### What is being asked:
Write the records out exactly as they read, but not the pictures.

Segment Open

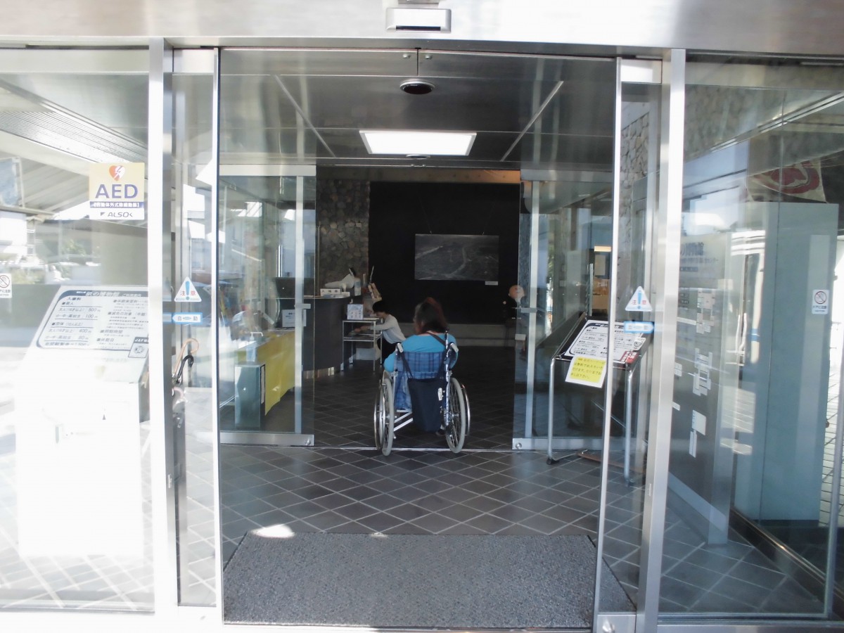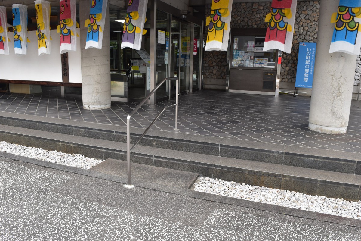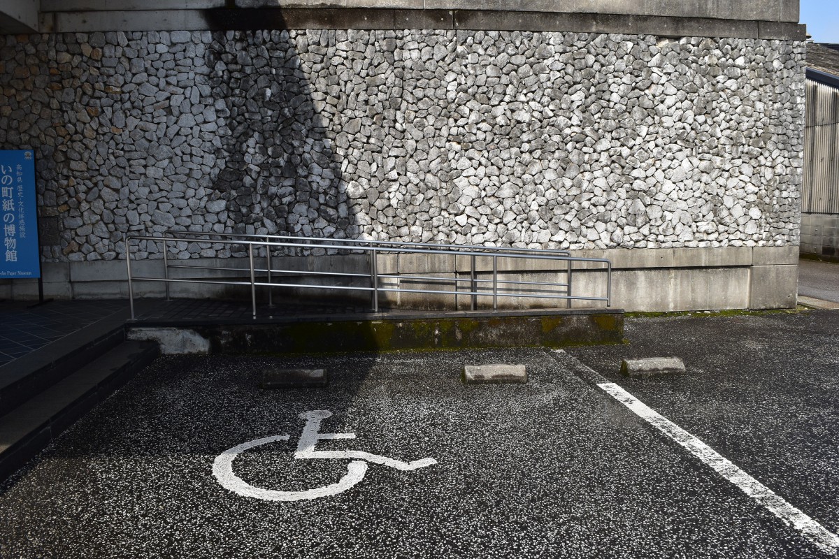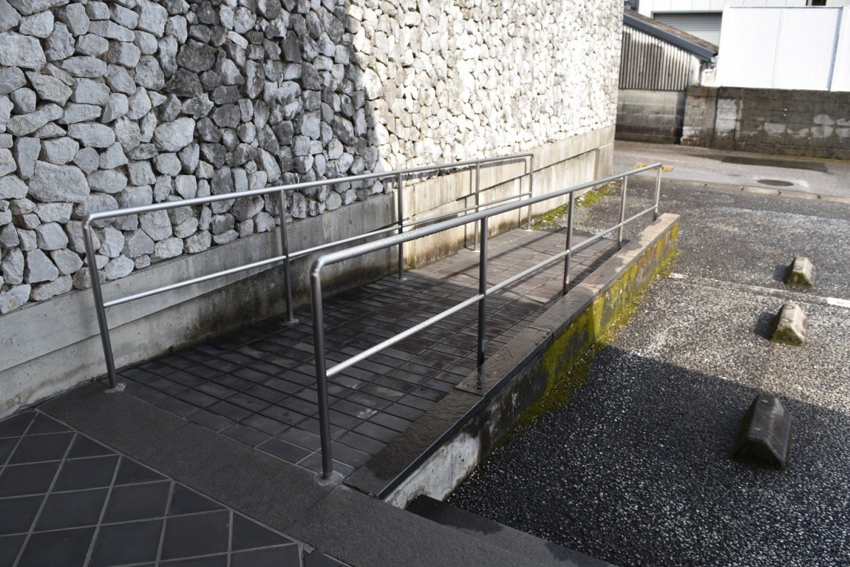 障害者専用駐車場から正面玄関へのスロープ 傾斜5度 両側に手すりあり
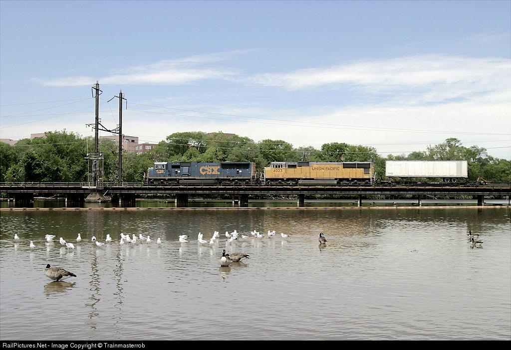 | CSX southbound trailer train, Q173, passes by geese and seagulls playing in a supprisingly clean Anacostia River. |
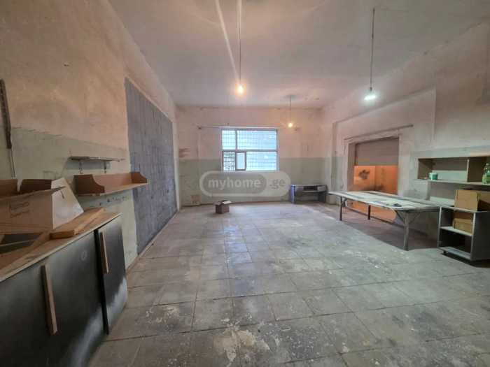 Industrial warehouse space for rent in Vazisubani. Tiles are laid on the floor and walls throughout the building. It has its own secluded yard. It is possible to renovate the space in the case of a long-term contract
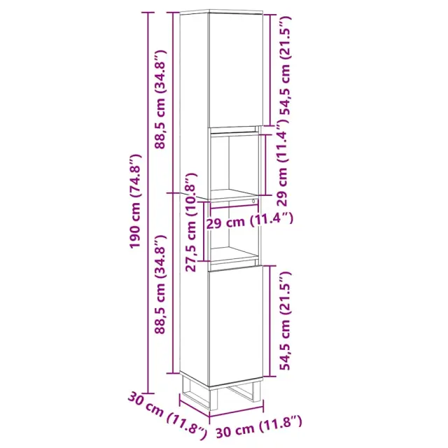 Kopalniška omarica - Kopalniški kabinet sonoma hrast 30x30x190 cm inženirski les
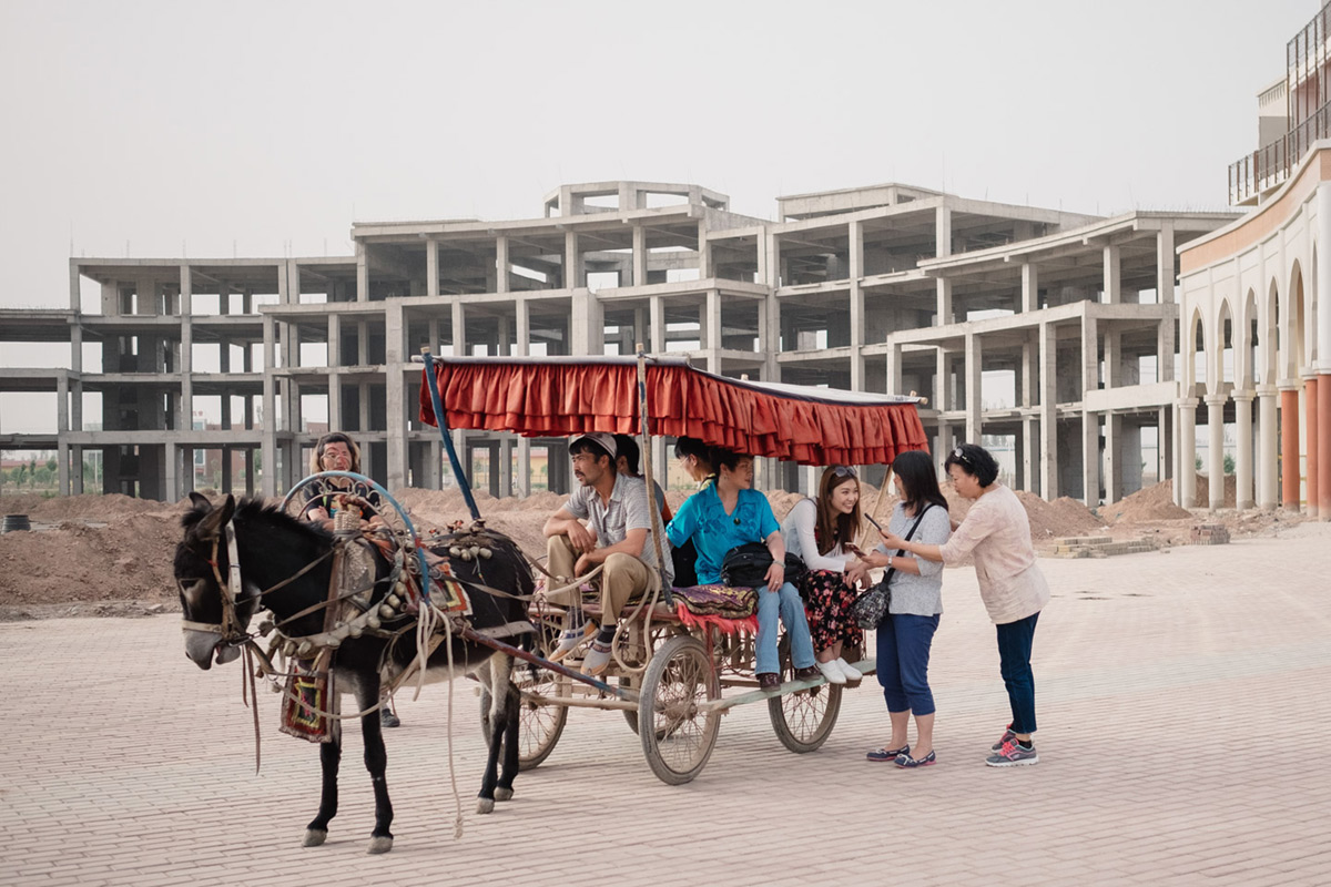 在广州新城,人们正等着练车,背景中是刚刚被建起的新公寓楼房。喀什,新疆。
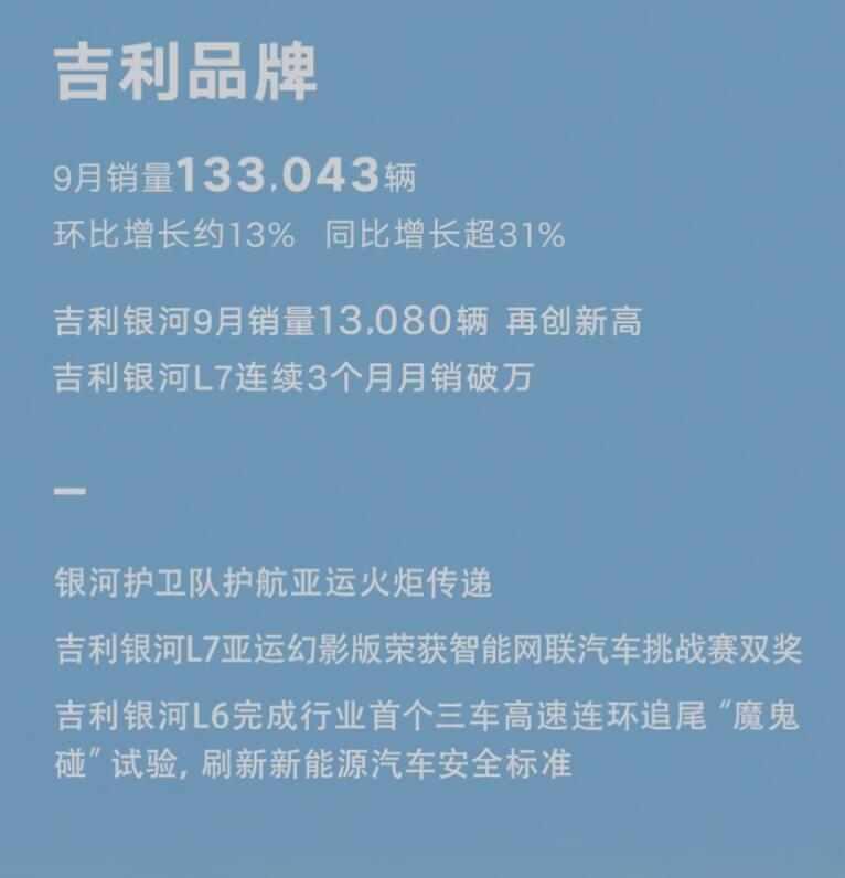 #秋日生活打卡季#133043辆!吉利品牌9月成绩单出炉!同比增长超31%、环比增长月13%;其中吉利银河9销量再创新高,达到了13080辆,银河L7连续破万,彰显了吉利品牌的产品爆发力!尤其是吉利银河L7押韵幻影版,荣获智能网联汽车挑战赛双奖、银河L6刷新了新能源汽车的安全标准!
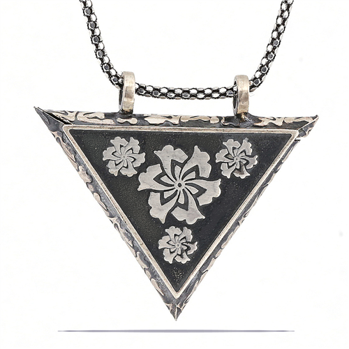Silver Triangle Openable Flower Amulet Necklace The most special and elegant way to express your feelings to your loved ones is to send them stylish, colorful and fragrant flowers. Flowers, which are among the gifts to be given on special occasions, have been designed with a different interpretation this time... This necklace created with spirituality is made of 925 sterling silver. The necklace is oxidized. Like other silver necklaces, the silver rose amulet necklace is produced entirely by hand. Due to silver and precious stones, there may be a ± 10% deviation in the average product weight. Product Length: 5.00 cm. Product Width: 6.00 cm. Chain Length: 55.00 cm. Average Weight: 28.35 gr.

Segment Closed

### Solved exercise:
 障害者専用駐車場から正面玄関へのスロープ 傾斜5度 両側に手すりあり
 | CSX southbound trailer train, Q173, passes by geese and seagulls playing in a supprisingly clean Anacostia River. |
 Industrial warehouse space for rent in Vazisubani. Tiles are laid on the floor and walls throughout the building. It has its own secluded yard. It is possible to renovate the space in the case of a long-term contract
 Kopalniška omarica - Kopalniški kabinet sonoma hrast 30x30x190 cm inženirski les
 在广州新城,人们正等着练车,背景中是刚刚被建起的新公寓楼房。喀什,新疆。
 #秋日生活打卡季#133043辆!吉利品牌9月成绩单出炉!同比增长超31%、环比增长月13%;其中吉利银河9销量再创新高,达到了13080辆,银河L7连续破万,彰显了吉利品牌的产品爆发力!尤其是吉利银河L7押韵幻影版,荣获智能网联汽车挑战赛双奖、银河L6刷新了新能源汽车的安全标准!
Silver Triangle Openable Flower Amulet Necklace The most special and elegant way to express your feelings to your loved ones is to send them stylish, colorful and fragrant flowers. Flowers, which are among the gifts to be given on special occasions, have been designed with a different interpretation this time... This necklace created with spirituality is made of 925 sterling silver. The necklace is oxidized. Like other silver necklaces, the silver rose amulet necklace is produced entirely by hand. Due to silver and precious stones, there may be a ± 10% deviation in the average product weight. Product Length: 5.00 cm. Product Width: 6.00 cm. Chain Length: 55.00 cm. Average Weight: 28.35 gr.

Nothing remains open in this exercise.